* _SOURCE DATA_:
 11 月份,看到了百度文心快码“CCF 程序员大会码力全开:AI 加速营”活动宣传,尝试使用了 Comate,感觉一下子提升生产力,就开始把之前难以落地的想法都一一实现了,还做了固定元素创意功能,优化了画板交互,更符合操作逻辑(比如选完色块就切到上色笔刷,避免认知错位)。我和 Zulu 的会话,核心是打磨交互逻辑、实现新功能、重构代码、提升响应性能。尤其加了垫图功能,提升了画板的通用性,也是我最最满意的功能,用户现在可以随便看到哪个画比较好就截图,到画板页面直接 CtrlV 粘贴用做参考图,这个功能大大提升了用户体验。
---
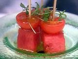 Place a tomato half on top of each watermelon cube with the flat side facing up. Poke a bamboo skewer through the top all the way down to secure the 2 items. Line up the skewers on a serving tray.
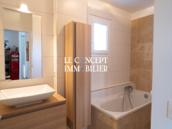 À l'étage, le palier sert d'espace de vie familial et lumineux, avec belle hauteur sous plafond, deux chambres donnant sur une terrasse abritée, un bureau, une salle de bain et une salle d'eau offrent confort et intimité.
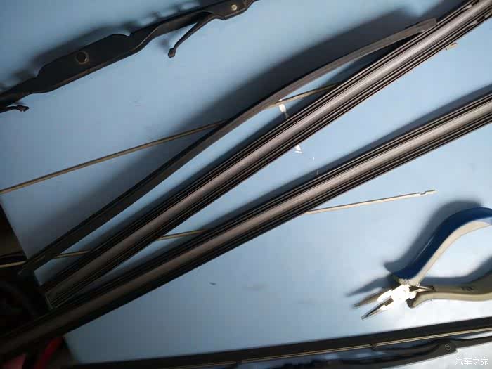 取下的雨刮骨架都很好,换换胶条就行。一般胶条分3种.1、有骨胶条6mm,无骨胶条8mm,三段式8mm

* _EXERCISE DESCRIPTION_: Look back at the data above, then output exactly the lines from the line holding "Place a tomato" up to and including the line holding "取下的雨刮骨架都很好,换换胶". Leave out the pictures.

* _REPLY_:
 Place a tomato half on top of each watermelon cube with the flat side facing up. Poke a bamboo skewer through the top all the way down to secure the 2 items. Line up the skewers on a serving tray.
 À l'étage, le palier sert d'espace de vie familial et lumineux, avec belle hauteur sous plafond, deux chambres donnant sur une terrasse abritée, un bureau, une salle de bain et une salle d'eau offrent confort et intimité.
 取下的雨刮骨架都很好,换换胶条就行。一般胶条分3种.1、有骨胶条6mm,无骨胶条8mm,三段式8mm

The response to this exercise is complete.